GC servers are special-purpose DCs that hold a writeable copy of all objects and attributes for the domain in which it resides as a DC, and a read-only copy of all objects and some of their attributes from other domains in the forest. Thus, GC servers are really only important in multidomain forests and have no special function in single-domain forests. The placement of GC servers in the enterprise is an important design decision. The important tasks that GCs perform include

• Authentication for all users in a native-mode domain in a multidomain forest. If a GC isn't available and no cached credentials are on the computer, the user is denied logon ability. This is because only a GC can enumerate universal security groups and apply that information to the user's token at logon. A single-domain forest ignores the necessity to contact a GC during logon.

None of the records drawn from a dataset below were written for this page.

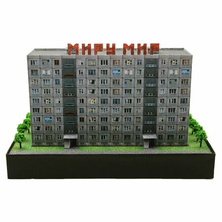 Дом из детства , панелька, это тот самый дом , где жил каждый из нас, когда начинаются школьные каникулы, зеленеют деревья и ты бежишь во двор в шортах вдыхая аромат лета, свободы и безмятежности и вся жизнь еще впереди! Теперь такой дом легко сделать своими руками! 3D Панельный дом - увлекательный конструктор, который поможет проникнуться атмосферой спальных районов постсоветского пространства, а актуальная на все времена надпись добавит конструктору оригинальности. Детали конструктора выполнены из качественного плотного картона. Деревья и люди из пластика(если вы выбрали вариант с фигурками людей) а во внутреннюю часть основания устанавливается специальный вкладыш из пенопласта. Преимущества: • Высокая детализация • Круто выглядит в готовом виде • Оригинальный и необычный подарок на праздник для тех, кого уже нечем удивить • Подойдет как взрослым так и детям (Взрослые собирают с таким же удовольствием, как и дети, не оторвешь) • Интересная и требующая терпения сборка В комплекте: 3Д пазл - конструктор, инструкция с фотографиями и описанием процесса сборки, упаковка.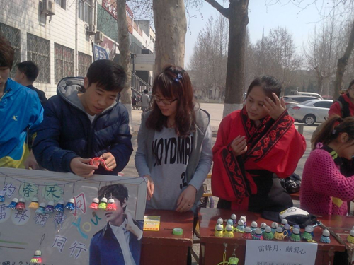3月22日,由工口动漫 团总支主办、羽毛球协会承办的雷锋月系列活动之自制羽毛工艺品义卖义捐活动在学生第二餐厅前举行。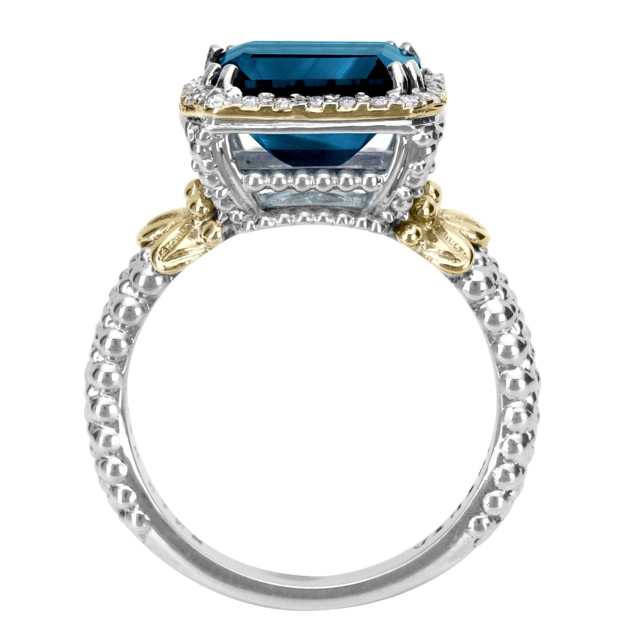 14K Gold and Sterling Silver, London Blue Topaz and Diamond Ring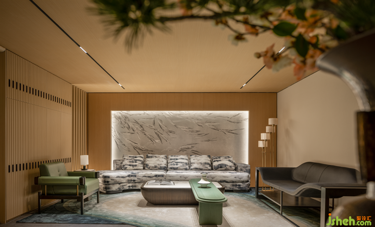 游走穿行,飲宴會友,賞物觀花,空間在虛隔與透望之間,制造著東方游園雅集的趣味。雖身處室內(nèi),卻多了幾分身處幽谷的心性豁達(dá)之感。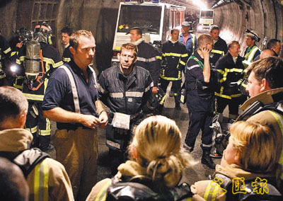 英法的消防员在紧急逃生管道集合,准备进入隔壁大火的列车管道扑救。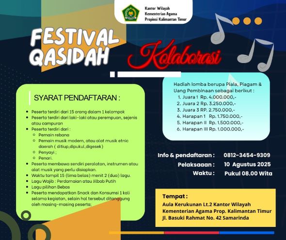 SAMARINDA — Kantor Wilayah Kementerian Agama (Kanwil Kemenag) Provinsi Kaltim siap menggeber Festival Qasidah Kolaborasi tahun 2025. Kegiatan Festival Seni Budaya Islam ini rencananya dilaksanakan pada tanggal 10 Agustus 2025, di Aula Kerukunan Lt 2 Kanwil Kementerian Agama Provins Kaltim, di Jalan. Basuki Rahmat No 42 Samarinda.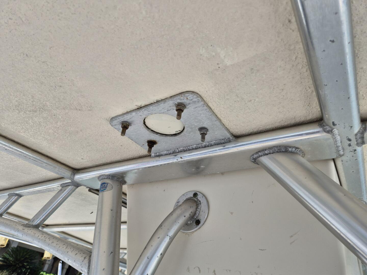 - Rigid hard top on aluminum frame with (6) rod holders & integrated outrigger support mounts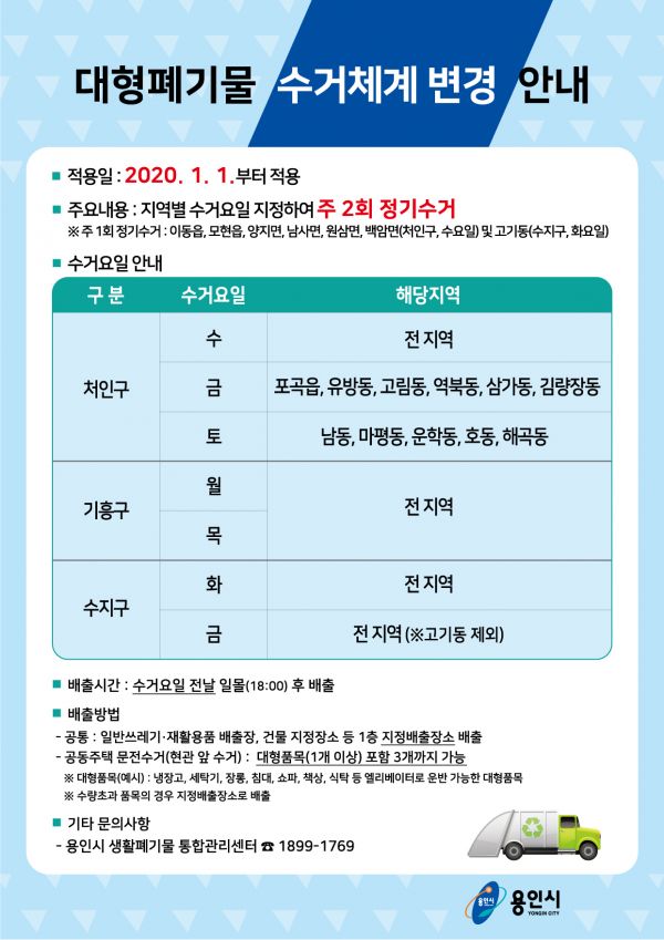 내년부터 처인구 포곡읍·유방동·역북동·삼가동·김량장동·고림동은 월·수요일에, 마평동·남동·운학동·호동·해곡동은 수·토요일에 대형폐기물을 수거한다. 기흥구는 월·목요일 수지구는 화·금요일에 대형폐기물을 수거한다.

• Authentication for users logging on with the UPN. Logging on with a username in UPN format (user@domain.com) will fail if a GC is not available.

• Exchange 2000 and above uses the GC for the GAL. Exchange will preferentially find a GC in the same site as the Exchange server. If one is not available, Exchange will find one in the nearest site.

• Services users' requests for information in the AD, such as enterprisewide LDAP (Lightweight Directory Access Protocol) queries performed by the user or an application. For example, if an application performs LDAP queries to locate resources such as users, file servers, and so on across a multiple-domain environment, a local GC will improve that search performance.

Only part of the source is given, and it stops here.